Problem statement:
Using the records below, write out only the lines from the line containing "V锥流量计按其结构分为:夹持" up to and including the line containing "With a soft, muted", exactly, with no pictures.

Data supplied:
····················
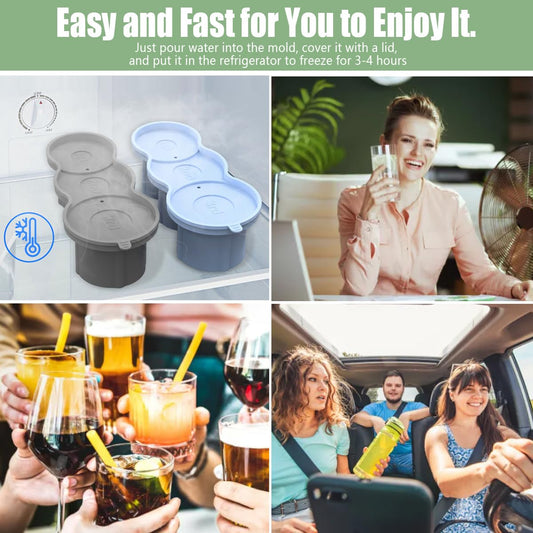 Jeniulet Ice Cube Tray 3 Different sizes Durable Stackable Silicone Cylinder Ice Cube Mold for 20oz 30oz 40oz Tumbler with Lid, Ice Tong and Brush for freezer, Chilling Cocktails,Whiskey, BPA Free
····················
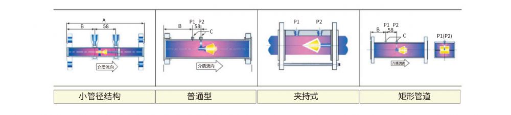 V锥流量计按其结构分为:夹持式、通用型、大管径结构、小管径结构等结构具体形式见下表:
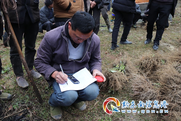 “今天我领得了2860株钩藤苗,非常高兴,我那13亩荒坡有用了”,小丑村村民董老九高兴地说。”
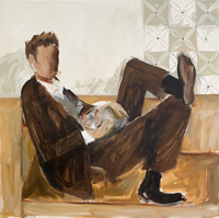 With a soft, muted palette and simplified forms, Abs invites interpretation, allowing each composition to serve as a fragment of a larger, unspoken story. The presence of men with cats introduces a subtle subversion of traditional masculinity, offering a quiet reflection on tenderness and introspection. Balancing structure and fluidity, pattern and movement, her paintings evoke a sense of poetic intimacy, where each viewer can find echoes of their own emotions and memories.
····················
Exercise response:
 V锥流量计按其结构分为:夹持式、通用型、大管径结构、小管径结构等结构具体形式见下表:
 “今天我领得了2860株钩藤苗,非常高兴,我那13亩荒坡有用了”,小丑村村民董老九高兴地说。”
 With a soft, muted palette and simplified forms, Abs invites interpretation, allowing each composition to serve as a fragment of a larger, unspoken story. The presence of men with cats introduces a subtle subversion of traditional masculinity, offering a quiet reflection on tenderness and introspection. Balancing structure and fluidity, pattern and movement, her paintings evoke a sense of poetic intimacy, where each viewer can find echoes of their own emotions and memories.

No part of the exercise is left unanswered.